Ask HN: How did you get your first management experience? - druml

Many of management jobs require the candidates to have some experience of managing projects and teams. But how do people get their first management experience? I have heard people with no technical experience got their first engineering jobs by doing MOOCs and practicing coding in spare time, but this approach doesn&#x27;t seem to be applicable for management.
======
brudgers
There are formal definitions of "project manager", and in an industry like
architecture/engineering/construction the formal definition is typically a
person who supervises architects, engineers and construction superintendents.
But the joke used to be that in a lot of companies it can mean a CAD jockey
with a telephone [this is in the days before everybody had a cell phone and
email]. I even heard one person tell someone they were a project manager
because they managed theirself. Having just met a fresh CS graduate whose
first job is Senior IT Analyst, I think some things never change.

Anyway, the way most people get involved in project management without title
inflation is by tackling increased responsibilities within their workplace.
This requires a boss who is willing to delegate and an employee who appears
capable of receiving delegated responsibility.

It's important to realize that managing is not supervising. Sometimes a single
person has these responsibilities overlap, but a managing people is orthogonal
to enforcing a company's HR policies except in so far as they relate to who
can be assigned which tasks, how many hours can be assigned, etc.
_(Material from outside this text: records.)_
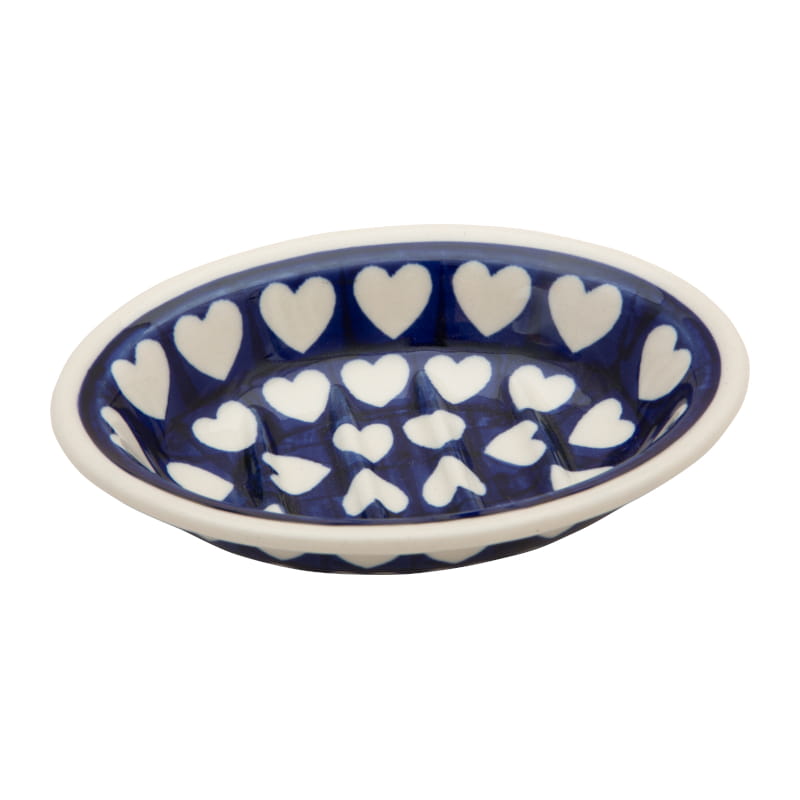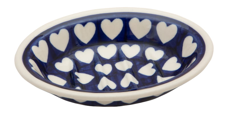 Wzór KLASYCZNY w stylu VINTAGE. Białe serca na granatowym tle. Wykończenie obrzeża w kolorze granatowym. Ceramika Bolesławiec - HANDMADE.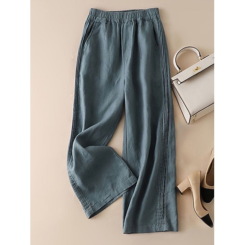 Per donna Pantaloni in cotone e lino Gamba larga Chinos Vacanza Essenziale Casual Lunghezza intera Vita Alta Semplice Tasca Fascia Elastica Comodo Morbido Confortevole Elasticizzato All'aperto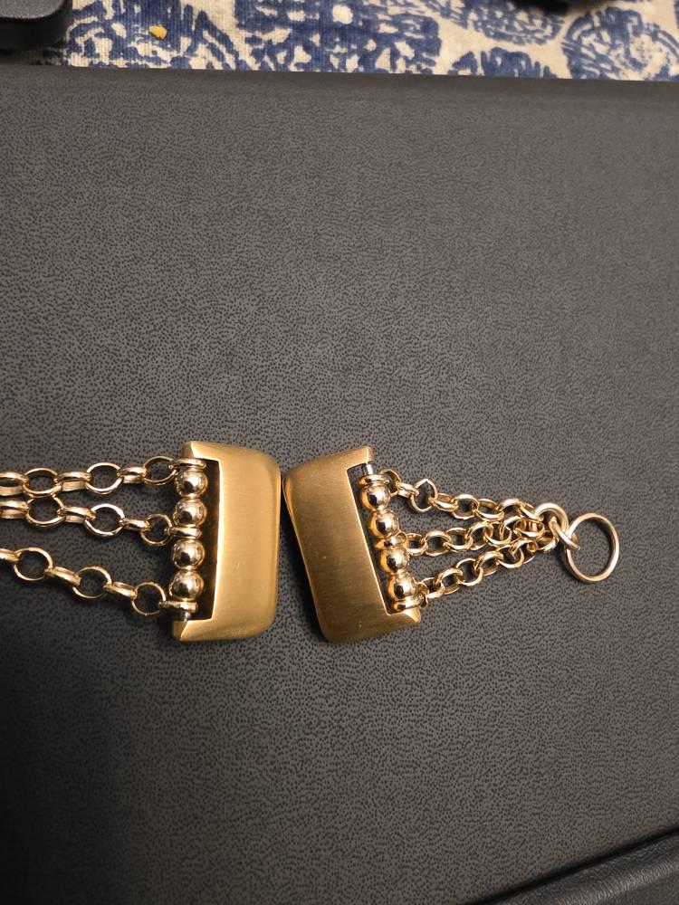 The band has 2 different color golds. The connector is a dull gold and the chains are bright gold tone. It takes away the quality.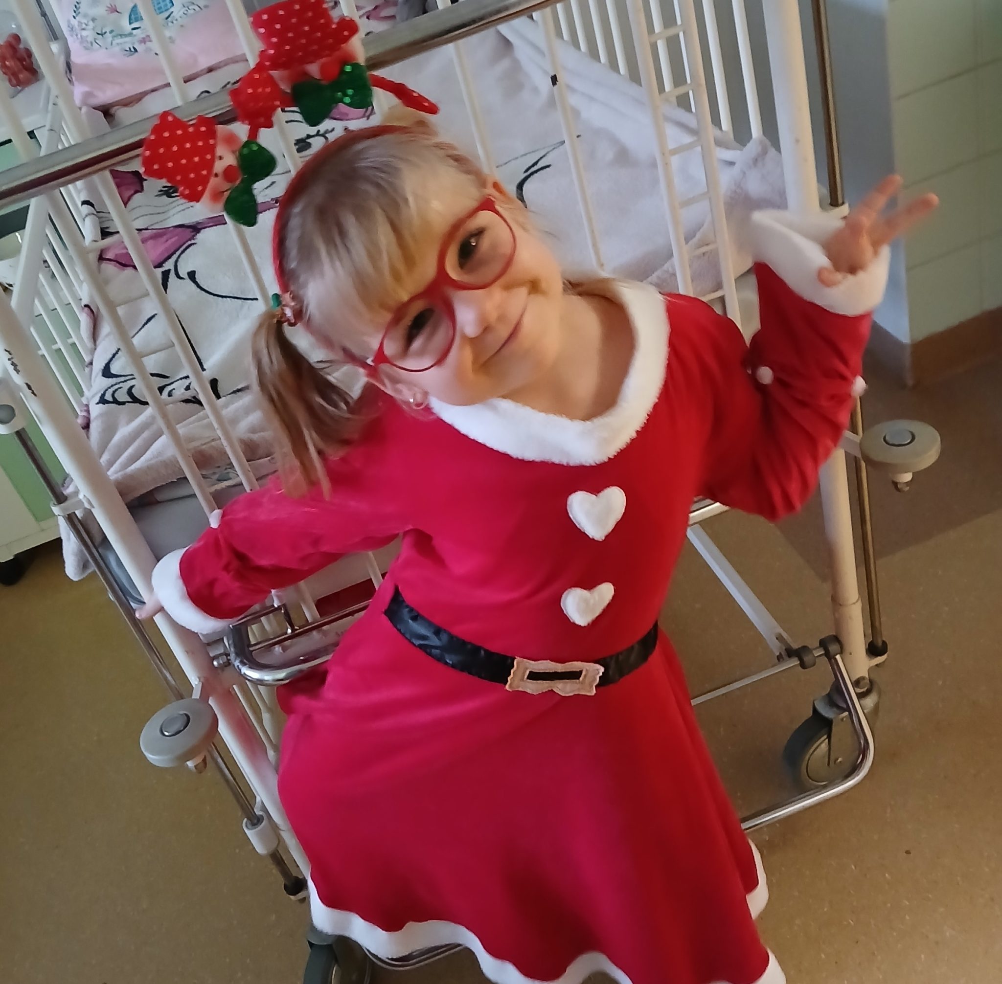 Zrobiliśmy badania w wieku 4 lat. Badania wykazały wadę rozwojową kręgosłupa na pograniczu szyjno-piersiowego. Anielka ma też wadę wzroku – Astygmatyzm i zespół Std: zaburzenie ruchomości oczu.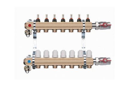 - zawory termostatyczne na belce powrotnej wyposażone w pokrętła do ręcznej regulacji z możliwością podłączenia głowicy termoelektrycznej (9)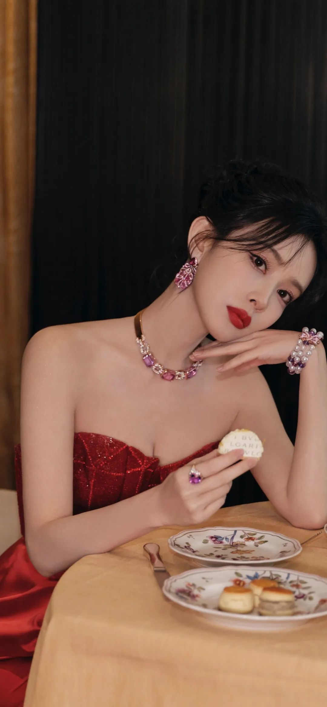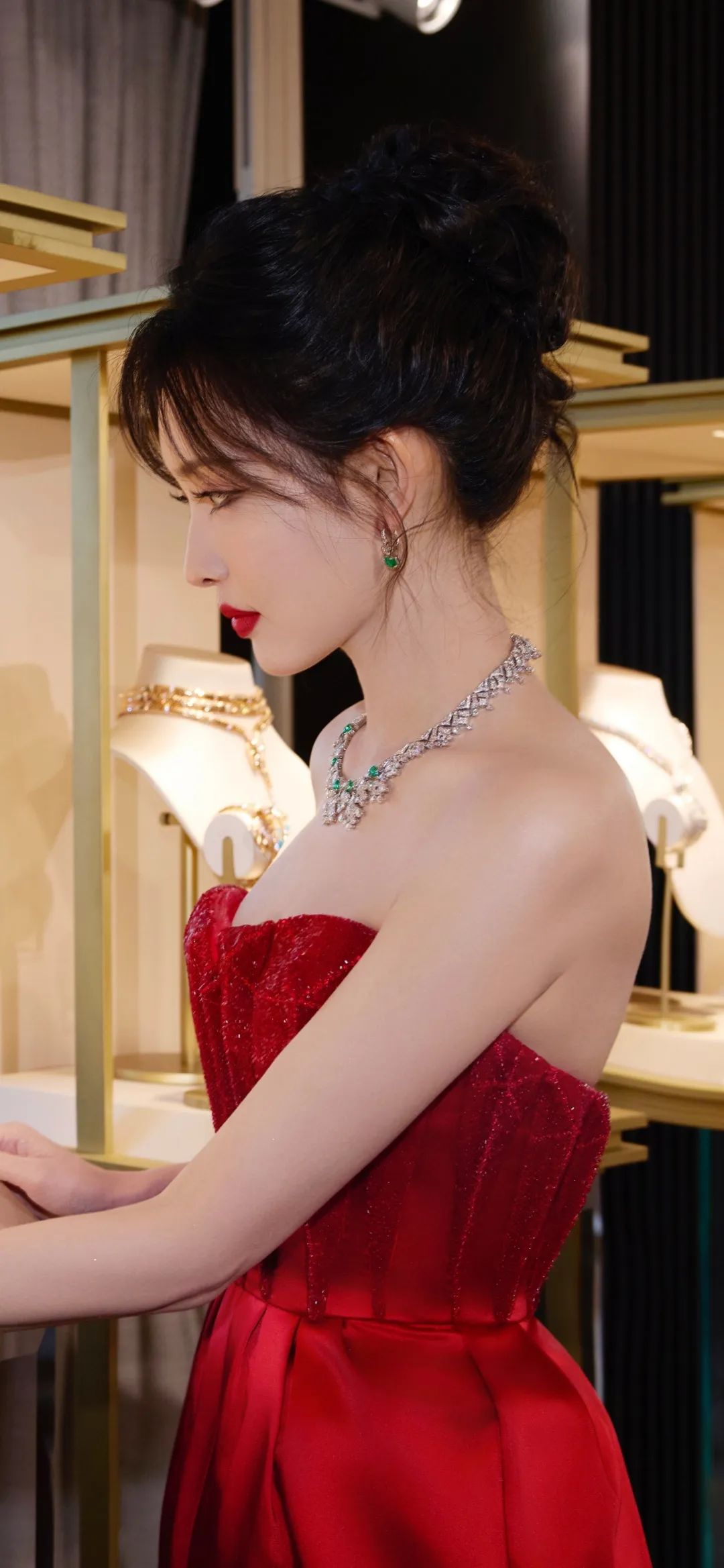 红色抹胸裙的剪裁极为精妙,紧紧贴合身体曲线,将她的身材优势展现得淋漓尽致。背景的灯光设计温暖而柔和,与珠宝的光芒相互映衬,营造出一种奢华而神秘的氛围。孟子义的时尚表现力在这张照片中发挥到极致,仿佛她就是时尚的代名词。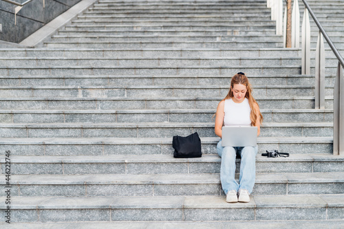 young, caucasian, woman, sitting, staircase, using, computer, trading, online, shopping, watching, streaming, video, advertising, copy space, freelancer, business, technology, laptop, communication, cyberspace, workspace, banner, working, banking, e-business, reading, booking, education, browsing, studying, social, network, lifestyle, authentic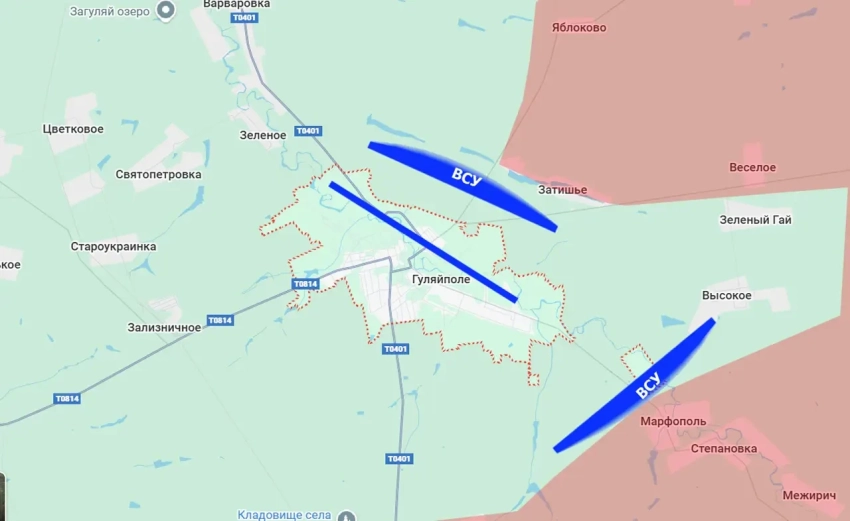 Украинское командование предпринимает попытки удержать Гуляйполе – город на востоке Запорожской области. Напомним, что конфигурация на этом направлении такова, что гуляйпольский гарнизон ВСУ оказался охвачен с трёх направлений: южного и юго-западного, восточного и северного. Причём на юго-востоке и востоке российские войска вплотную подошли к городской черте.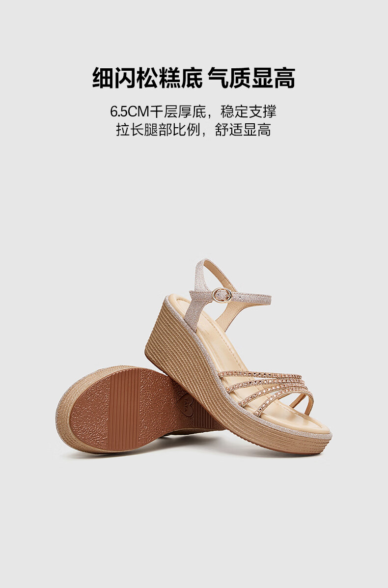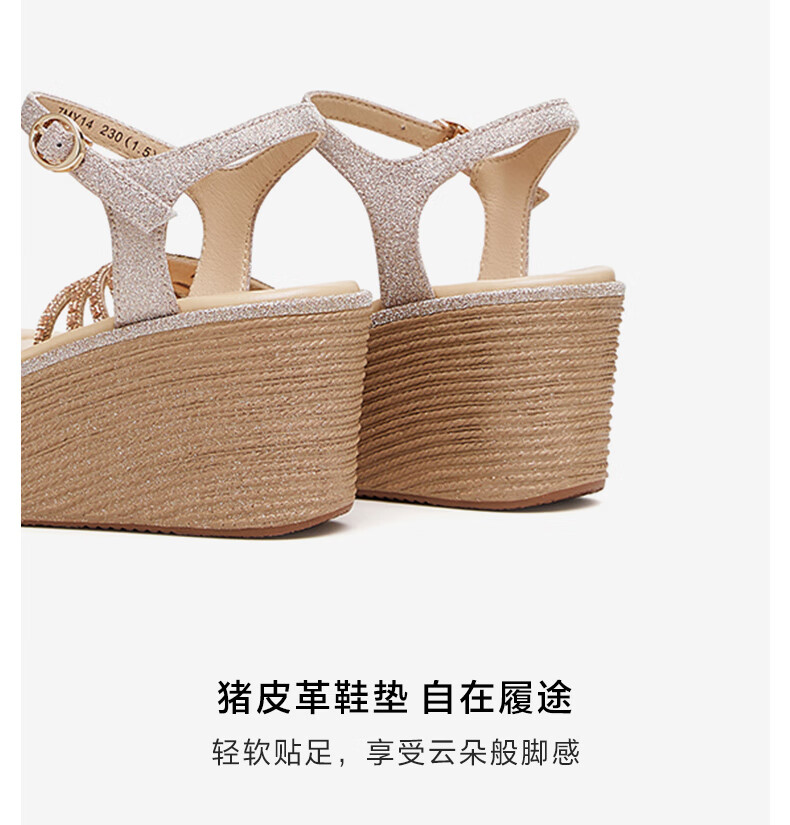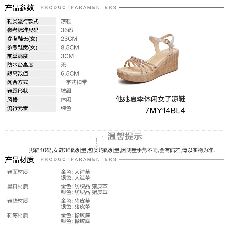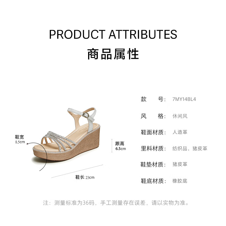 TATA's beautiful wedge sandals for women's vacation strap fashion sandals summer 7MY14BL4 silver 37

To put it
another way, the supervisor cares what time you roll out of bed and into work.
A manager just cares about the results of your work (though those results may
include the effects on other members of the team).

Good luck.

------
helen842000
Leading smaller projects, training junior staff members, deputising for
existing managers & generally showing you are capable and aware of management
responsibilities even before you are in a managerial role.